Minha mãe preparava refeições para um morador de rua que vivia atrás da nossa casa havia 20 anos. No dia seguinte à sua morte, ele pegou minhas mãos nas suas e disse algo que mudou minha vida.

Eu achava que minha mãe tinha passado vinte anos preferindo um mendigo a mim. Mesmo depois da morte dela, continuei alimentando o Victor só porque tinha prometido a ela que faria isso. Mas quando ele me mostrou o medalhão que estava faltando, entendi que a mamãe não estava escondendo a bondade dela de mim. Ela estava escondendo a família dela de mim.

No dia seguinte ao funeral da minha mãe, o sem-teto que morava atrás da nossa casa desapareceu.

Durante a maior parte da minha infância, Victor morou atrás da nossa pequena casa alugada, num abrigo feito de lonas e pedaços de madeira.
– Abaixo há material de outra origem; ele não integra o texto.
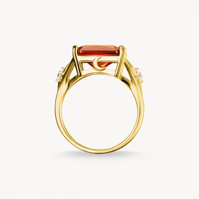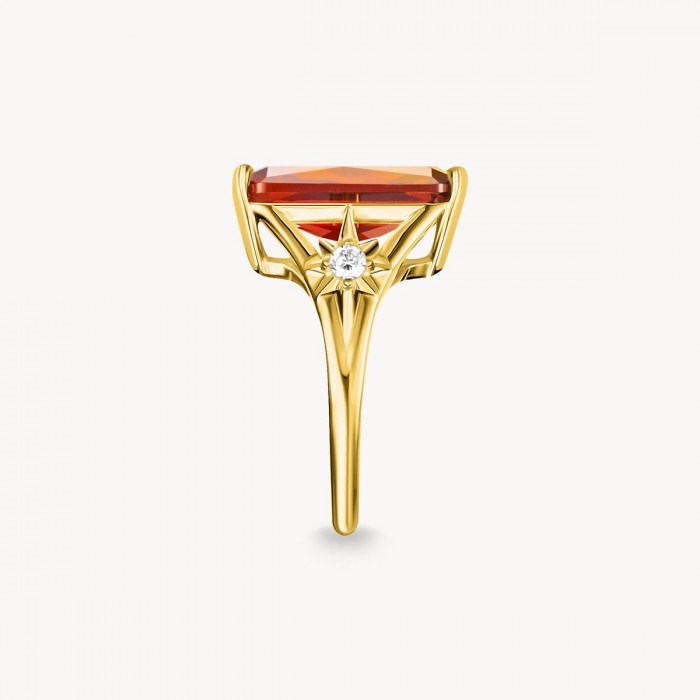 Piezīmes: | Dzeltenā zelta pārklājuma 925. proves sudraba kokteiļgredzens sievietēm ar lielu oranžu akmeni un zvaigznēm. Izteiksmīga rotaslieta ar stikla keramikas akmeni centrā. Augstas kvalitātes rotaslietas ar roku darinātiem slīpējumiem un detaļām.Skatoties uz šo mirdzošo lielo stikla keramikas akmeni dziļi oranžā krāsā, ir kā vērot iespaidīgu saulrietu. Tā astoņstūra slīpējums un atvērtie gredzena ietvari pastiprina starojošo spīdumu. Šī zelta gredzena sānus rotā divi pusmēness un divi zvaigžņveida ietvari ar baltiem cirkonija akmeņiem. Materiāla un dizaina mijiedarbība rada mirdzošu uzmanības piesaistītāju īpašiem notikumiem. Ar šo zelta akmens gredzenu nākamais maģiskais saulriets vienmēr ir jūsu. |

Minha mãe o alimentava todos os dias.

Quando voltei com a refeição que ela tanto me implorou para trazer, Victor estava ao lado de um SUV preto, vestindo um casaco limpo e segurando o medalhão de prata da minha mãe.
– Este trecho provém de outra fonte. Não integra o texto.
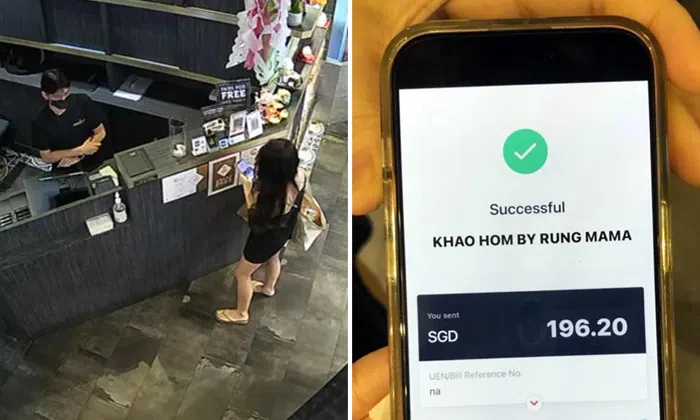 "She ordered about $138.10 worth of food and showed a screenshot of the PayNow transfer at the counter."

Aquela que ela jurou ter perdido quando eu tinha oito anos.

Victor morava atrás da nossa pequena propriedade alugada.

"Pensei que você não pudesse vir, Fiona", disse ele.

Quase deixei o recipiente cair.

"Victor? O quê?"

Sem barba, ele parecia mais velho. Seus olhos estavam vermelhos e cansados.

"Eu trouxe o jantar", eu disse. "Mas o que está acontecendo?"

Seus dedos se fecharam em torno do medalhão.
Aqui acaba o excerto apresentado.